Nicolas Meyering, a transit advocate and chair of the Mayor’s Commission on People with Disabilities, said disabled individuals are at higher risk of dying in car crashes than nondisabled people, and a well-funded transit system is essential for them to stay safe and get around the city.
“Increased fare prices can lead to reduced ridership. Then, a couple years later, reduced ridership will result in funding lags, which means even more fare [hikes]. And then the cycle repeats every few months or every few years, a literal cycle of doom,” he said. “This fare increase threatens the mobility and livelihood of disabled and young Philadelphians.”
Haver, meanwhile, hammered SEPTA officials at the hearing for not cutting administrative spending or using saving reserves to reduce or eliminate the fare increases.
Formerly the city’s director of consumer affairs and later City Council’s director of civic engagement, Haver submitted a list of questions about SEPTA’s finances and the fare hike, which the agency said it would respond to in writing. That led him to complain that SEPTA was not providing him enough time to receive the information and respond with comments that would be considered as part of the hearing.
SEPTA held an additional hearing on the increases Wednesday afternoon.
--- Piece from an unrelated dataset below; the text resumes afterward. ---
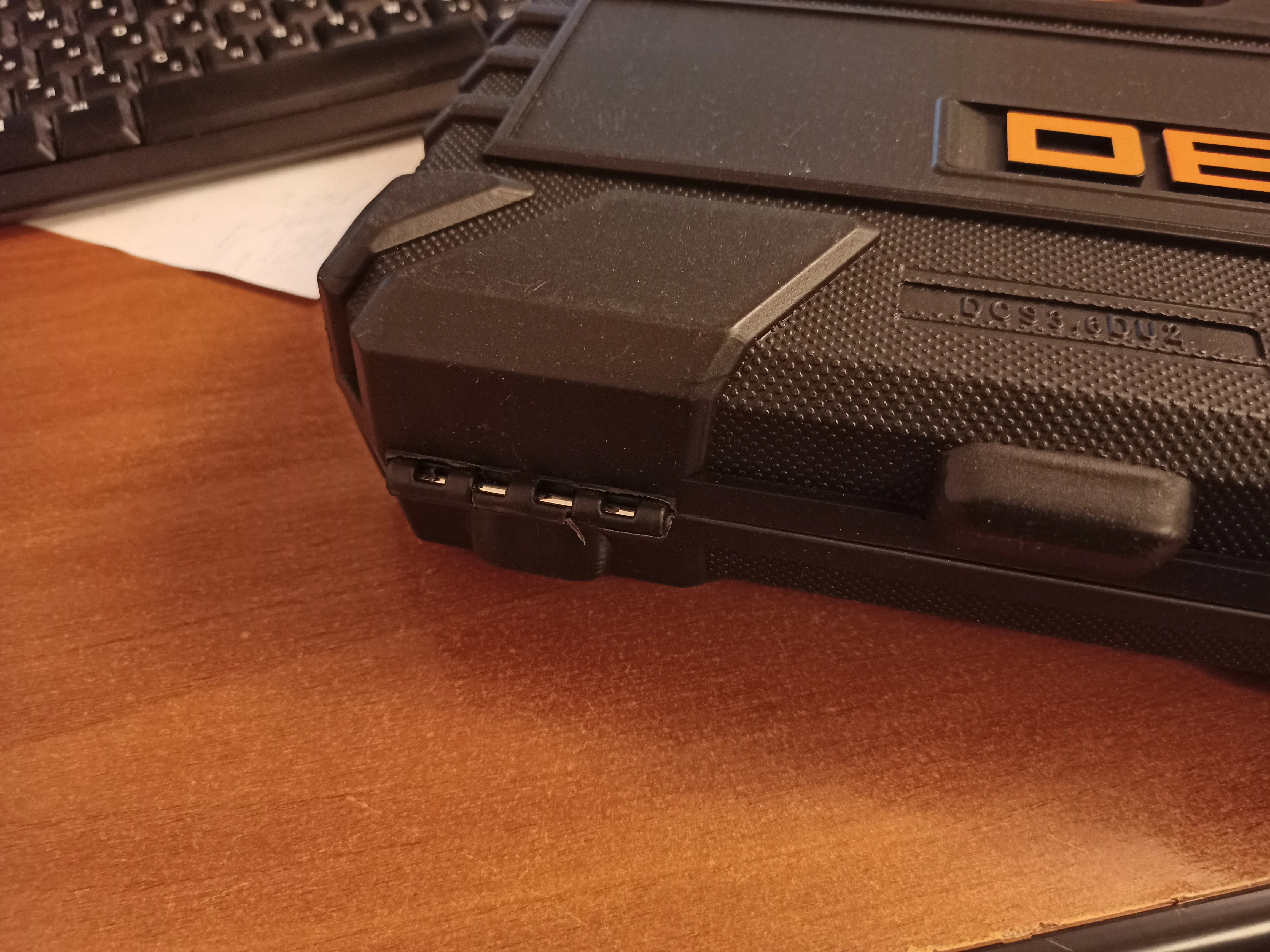 Отвертка порадовала наличием ограничителя усилия, а также фонариком в ручке, подсветкой и индикатором заряда. Ручка прорезинена. Своих денег (я купил за 21$) стоит. Кейс недорогой, но с нормальными петлями и защелками. Единственный момент, который не понравился усилие на минимуме достаточно большое для отвертки. Но это абсолютно у всех отверток и шуруповертов в этом ценовом диапазоне.

The deadline for the public to submit comments is this Friday, October 18, and SEPTA’s board is expected to approve the changes November 21.
In response to a question from Haver, SEPTA CFO Nikolaus Grieshaber said SEPTA’s Service Stabilization Fund had $565 million as of June.
“SEPTA is attempting to raise fares to generate $14.4 million,” Haver said. “The question is, do they need that, or is there enough money in the fare stabilization fund to eliminate the need for a 25% fare increase?”
The stabilization fund is a reserve account that PennDOT wants SEPTA to maintain at 25% of its operating budget, according to SEPTA’s 2024 budget proposal. As of June, the fund was apparently closer to one-third of the agency’s $1.7 billion budget. The budget proposal document says the fund “will be insufficient to balance the magnitude of recurring structural deficits” that the agency expects over the next five years.
Haver also argued SEPTA could avoid the fare hike by cutting an equivalent amount of spending on outside legal counsel.